Published on:

Fintech and Deposits

Lacewell v. Office of the Comptroller of the Currency, No. 19-4271 (2d Cir. 2021)

  • Facts: The New York State Department of Financial Services (DFS) regulates insurance, banking, and financial services in the state of New York. They filed a lawsuit against the Office of the Comptroller of Currency (OCC), alleging that their new initiative to charter “special-purpose national banks” (SPNB) from financial technology companies (fintechs) exceeded their authority under National Bank Act (NBA) that requires those in the “business of banking” to take deposits.

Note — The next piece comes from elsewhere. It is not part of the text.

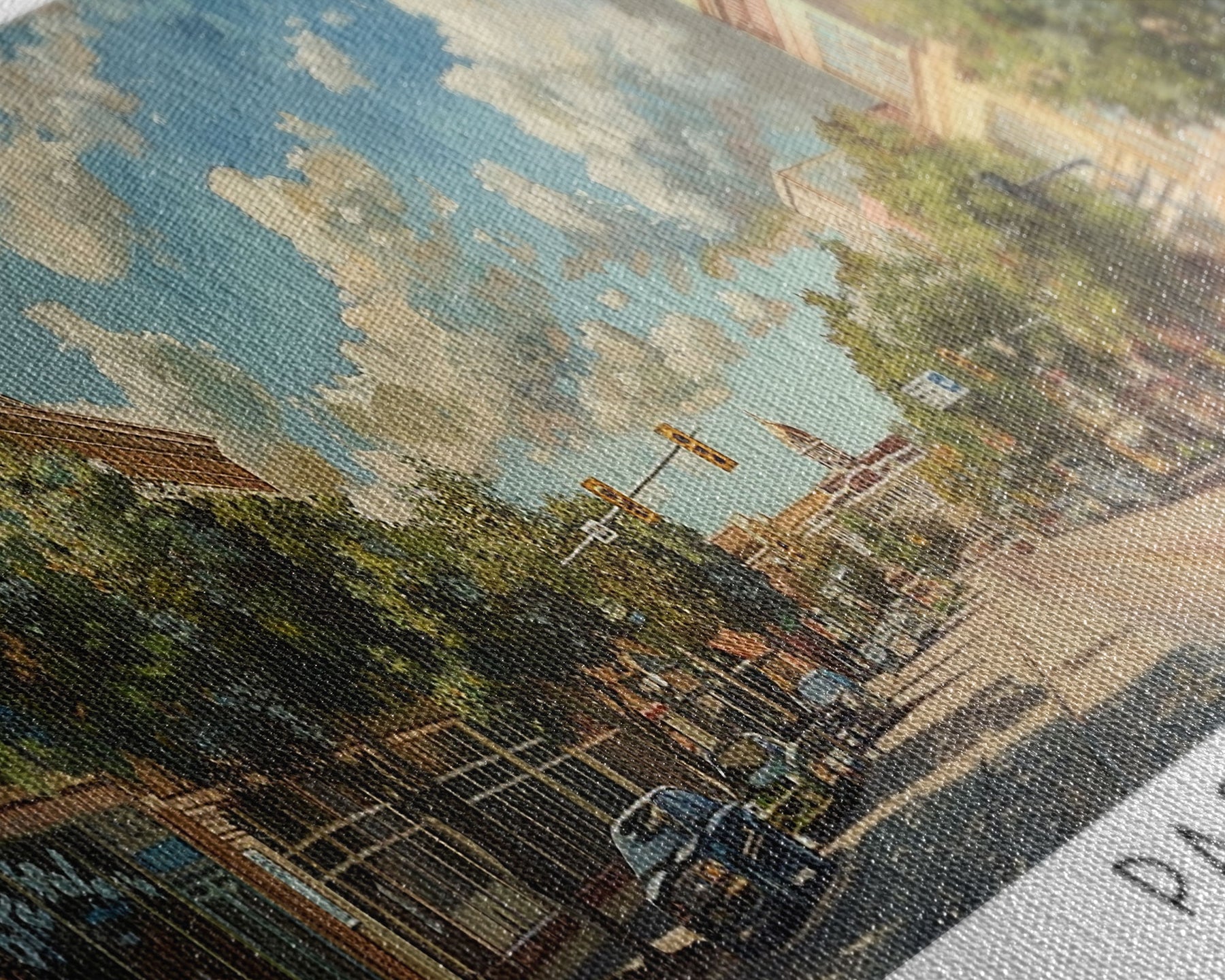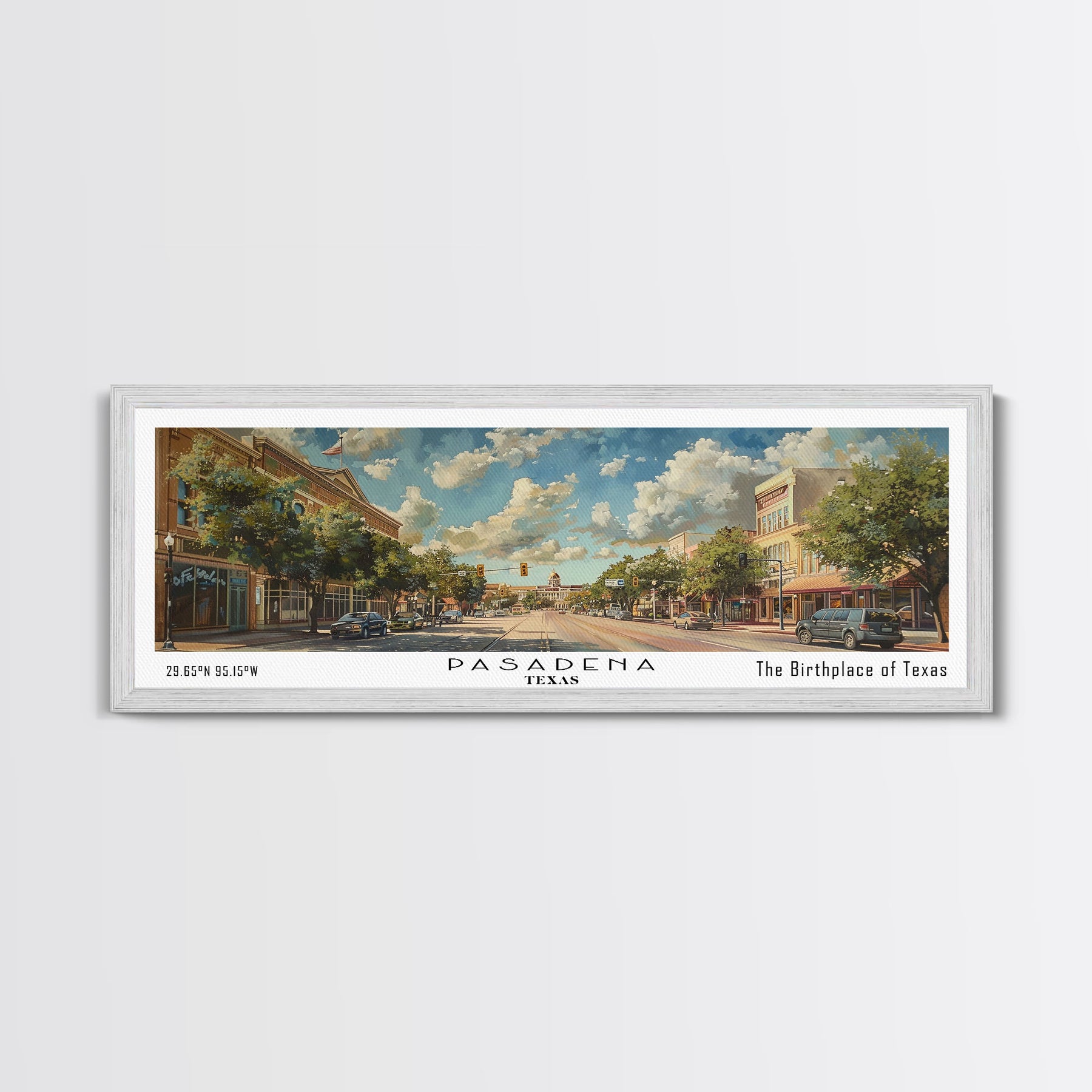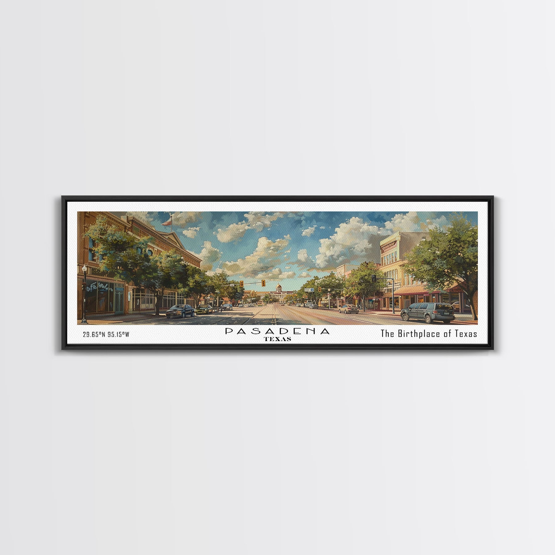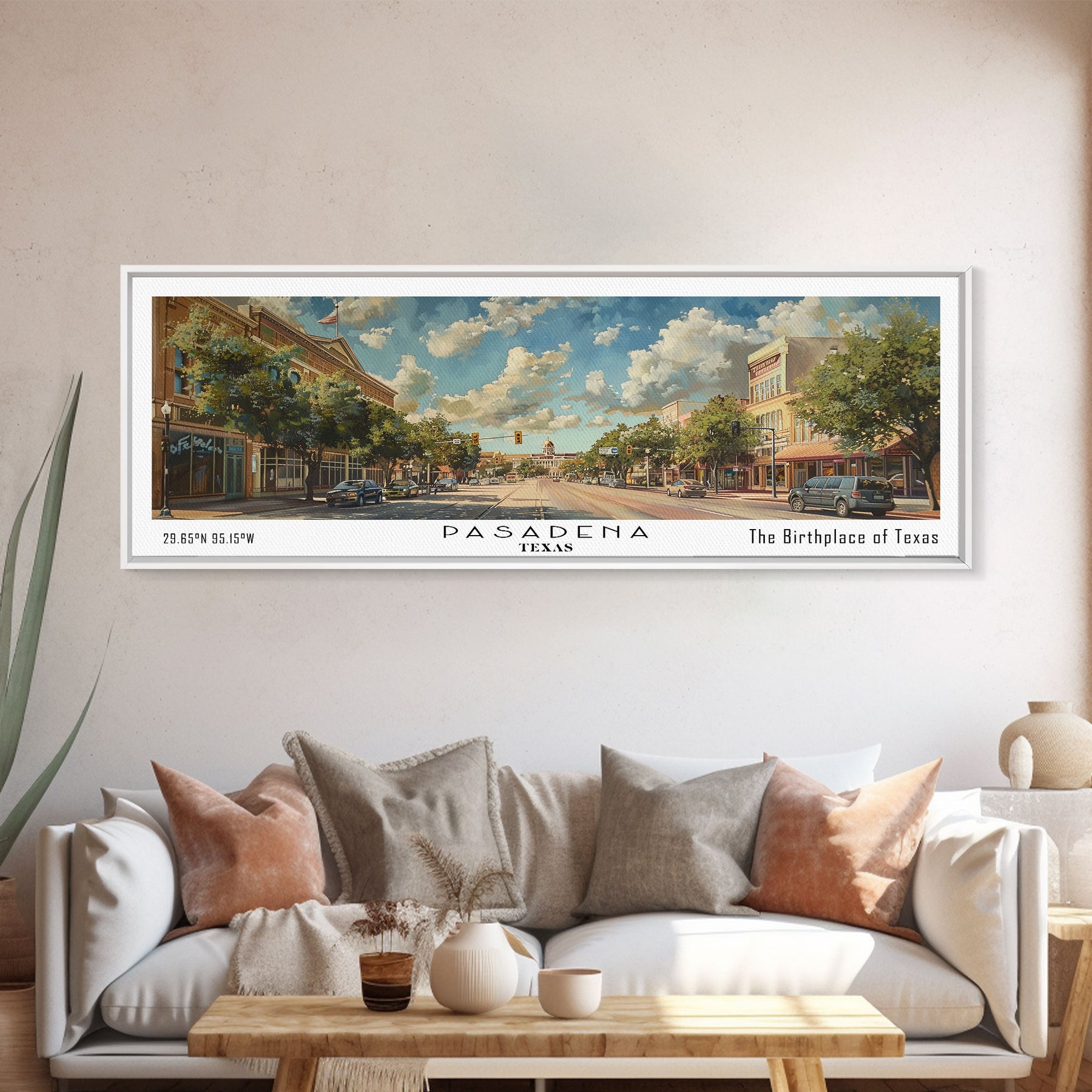 Pasadena Texas Panoramic Painting, Framed Canvas Print, Beautiful Cityscape Watercolor Art, Travel Poster for Home Decor, Unique Gift Idea

  • Issue: Did the OCC exceed their statutory authority in seeking to charter banks from fintechs that may not require deposits?


  • Holding:


  • Rationale: Under the NBA, OCC has the power to charter national banks. Once chartered, the bank can “exercise…all such incidental powers as shall be necessary to carry on the business of banking; by discounting and negotiating promissory notes, drafts, bills of exchange, and other evidences of debt; by receiving deposits; by buying and selling exchange, coin, and bullion; by loaning money on personal security; and by obtaining, issuing, and circulating notes…” A SPNB is basically a nationally chartered bank that engages in a limited range of banking activities but must do at least one of the following three core banking functions: 1) receiving deposits, 2) paying checks, or 3) lending money. The first time OCC began inquiring into whether they would charter a bank that does not receive deposits was in 2016. Notably, the OCC had never granted federal charter as a SPNB. But between 2016 and 2018, the OCC released some white papers discussing the issue. In 2018, the OCC decided it would grant such charters and would be open to receiving applications. DFS brought suit and alleged that the OCC would be exceeding their authority under the NBA in granting these federal charters and 2) that the OCC has no power to grant SPNBs in the first place. DFS alleged harms that, if these charters would be granted, a) these SPNB fintechs would claim federal preemption when faced with state regulatory actions and b) DFS would lose revenue because their operating expenses are funded by assessments on their licensed banks. The OCC sought to dismiss based on a lack of standing. The trial court ruled that DFS had standing. On appeal, the Second Circuit reversed and held that DFS’s allegations of harm are far too speculative, as the OCC had not one single application for a fintech charter. The mere fact that they are opening applications was not persuasive, as nothing indicated that the OCC would be granting charters to applicants. Moreover, even if the OCC were to grant a charter to a non-depository fintech, it is still speculation that any state regulation would be preempted by federal. With all the speculation, it amounted to a lack of standing and, without actual injury, DFS would not be allowed to continue.